**Try it:** Pictures aside, write out the data exactly as it reads.

=== Data provided ===

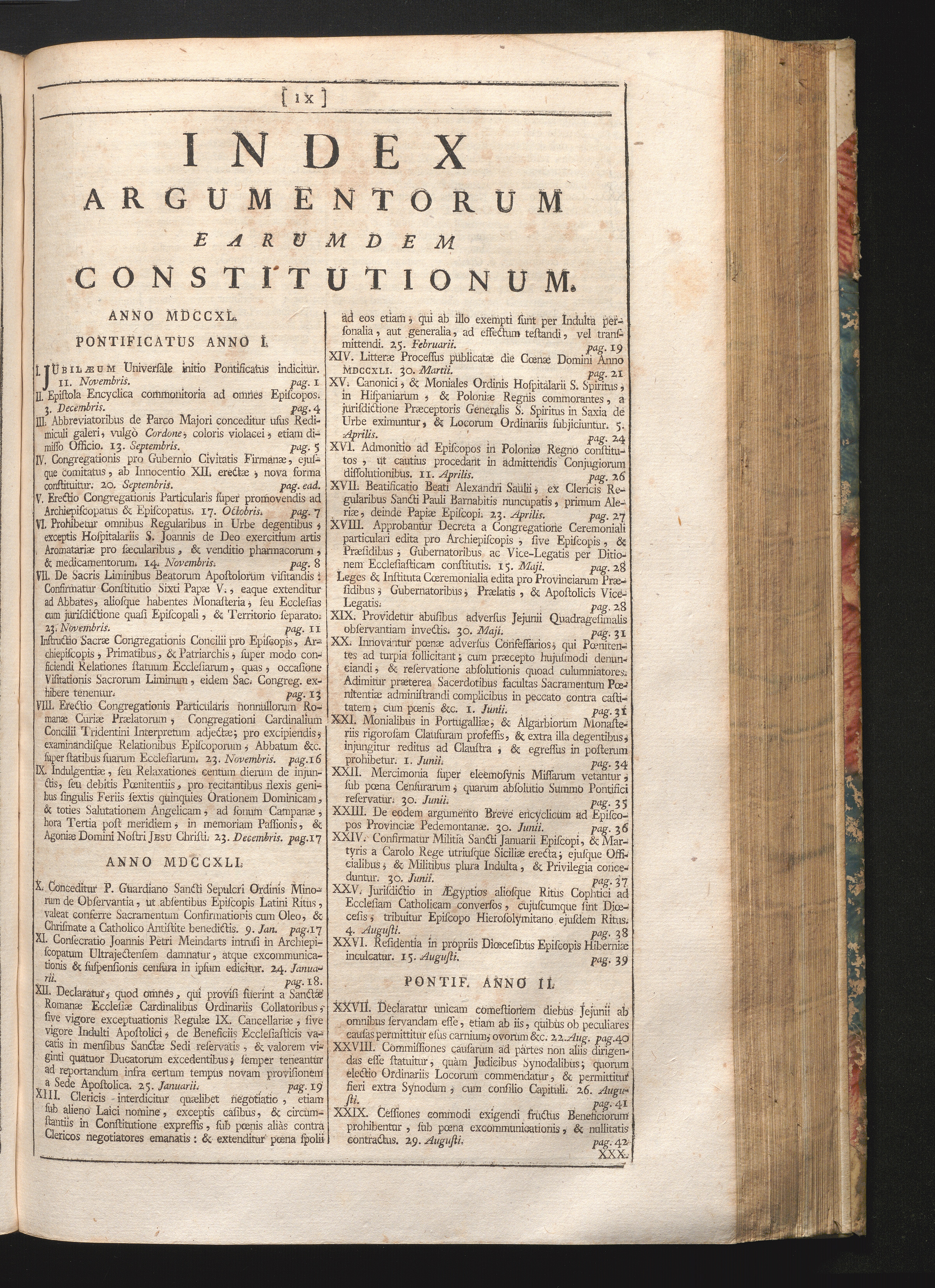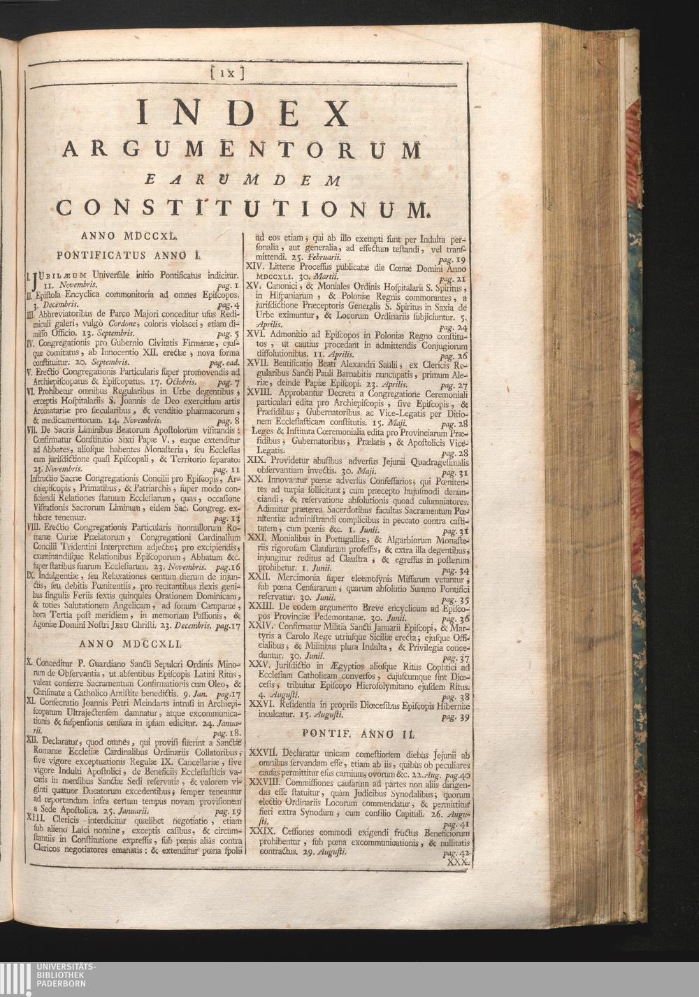 Index Argumentorum Earumdem Constitutionum.
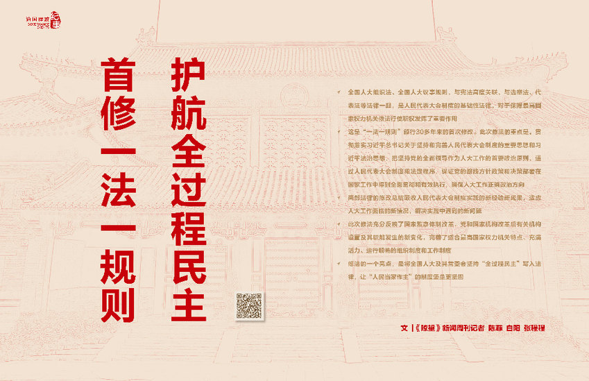➤修法的一个亮点,是将全国人大及其常委会坚持“全过程民主”写入法律,让“人民当家作主”的制度堡垒更坚固
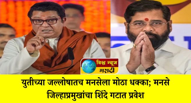 मुंबई वृत्तसंस्था : एकीकडे शिवसेना ठाकरे गट आणि महाराष्ट्र नवनिर्माण सेनेच्या ऐतिहासिक युतीची घोषणा होऊन राज्यभरात राजकीय चर्चांना उधाण आलं असतानाच, काही तासांतच मनसेला मोठा धक्का बसल्याचं चित्र समोर आलं आहे. आगामी महापालिका निवडणुकीच्या पार्श्वभूमीवर छत्रपती संभाजीनगरमध्ये मनसेचे जिल्हाप्रमुख सुमित खांबेकर यांनी शिवसेना शिंदे गटात प्रवेश केला आहे.

===

**Response:**
 Index Argumentorum Earumdem Constitutionum.
➤修法的一个亮点,是将全国人大及其常委会坚持“全过程民主”写入法律,让“人民当家作主”的制度堡垒更坚固
 मुंबई वृत्तसंस्था : एकीकडे शिवसेना ठाकरे गट आणि महाराष्ट्र नवनिर्माण सेनेच्या ऐतिहासिक युतीची घोषणा होऊन राज्यभरात राजकीय चर्चांना उधाण आलं असतानाच, काही तासांतच मनसेला मोठा धक्का बसल्याचं चित्र समोर आलं आहे. आगामी महापालिका निवडणुकीच्या पार्श्वभूमीवर छत्रपती संभाजीनगरमध्ये मनसेचे जिल्हाप्रमुख सुमित खांबेकर यांनी शिवसेना शिंदे गटात प्रवेश केला आहे.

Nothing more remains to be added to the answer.